COLOMBO: Saudi Arabia’s NEOM smart city offers a great opportunity for Sri Lankan professionals and skilled workers, a government minister from the South Asian nation said on Friday.
Labor and Foreign Employment Minister Manusha Nanayakkara visited the site of the megaproject in northwestern Tabuk province last month during an official visit to the Kingdom.
He also met his Saudi counterpart, Human Resources and Social Development Minister Ahmed bin Sulaiman Al-Rajhi, to discuss ways to boost labor relations and find employment opportunities for skilled Sri Lankan workers on some of the huge infrastructure projects being implemented under Saudi Vision 2030.
Sri Lanka produces world-class engineers, architects and city planners. They can contribute their technical and creative capabilities. Projects will be a lifetime opportunity for most of them.

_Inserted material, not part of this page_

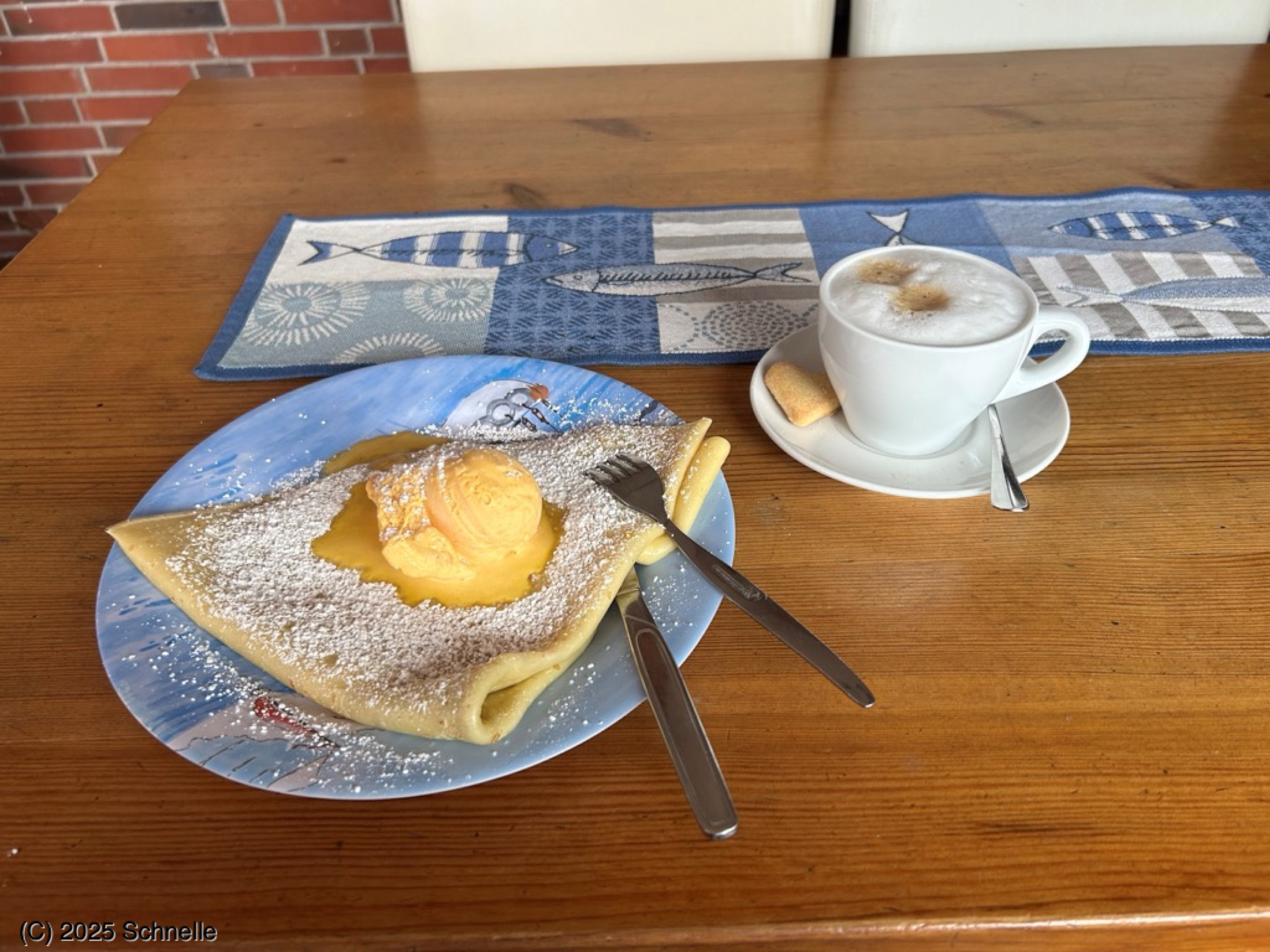 Mittlerweile hat der Regen aufgehört und es zeigte sich sogar ab und an die Sonne, sodass alle den Aufenthalt im Örtchen von Baltrum zum Beispiel bei, Kaffee und Crêpes mit hausgemachtem Sanddorneis genießen konnten.
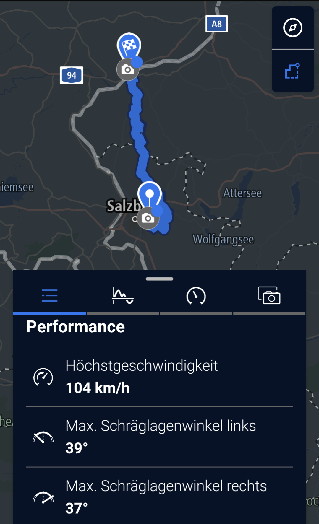 Ich beginne inzwischen, meine fahrdynamischen Optionen aus der Sofa Sitzposition auszuloten, beweglicher zu werden und zu testen, was wirklich geht. Bin dabei sehr froh um die bisher tadellosen Pirelli Serienreifen.

Manusha Nanayakkara, Labor and foreign employment minister
“NEOM is a futuristic concept and I was blown away by looking at the amount of work that has gone into it,” Nanayakkara told Arab News. “Also, once the project is complete it will trigger a significant transformation in traditional tourism and modern living.”
He added: “NEOM offers a substantial amount of job opportunities in various categories and I am trying to orient as many aspiring migrant workers to capitalize on this.”
Some of the best opportunities were for construction, engineering, IT and urban planning professionals, he said.
“Sri Lanka produces world-class engineers, architects and city planners. They can contribute their technical and creative capabilities. Projects like NEOM are rare in the world and it will be a lifetime opportunity for most of them.”
Sri Lanka is keen to find work overseas for its professionals as it is facing its worst financial crisis since gaining independence in 1948 and in desperate need of foreign currency.
The island nation of 22 million people officially defaulted on its debts in April and without foreign currency reserves has been left unable to pay for imports. Most of its citizens are facing daily power cuts and shortages of basic commodities.
Remittances from Sri Lankans working overseas have long been a key source of foreign exchange for the country.
“(An) Immediate contribution, without a doubt, would be foreign remittance,” Nanayakkara said, adding that involvement in NEOM would also bring long-term benefits for Sri Lankan workers.
“The expertise and experience they gain by being employed by NEOM will add to their credentials as professionals.”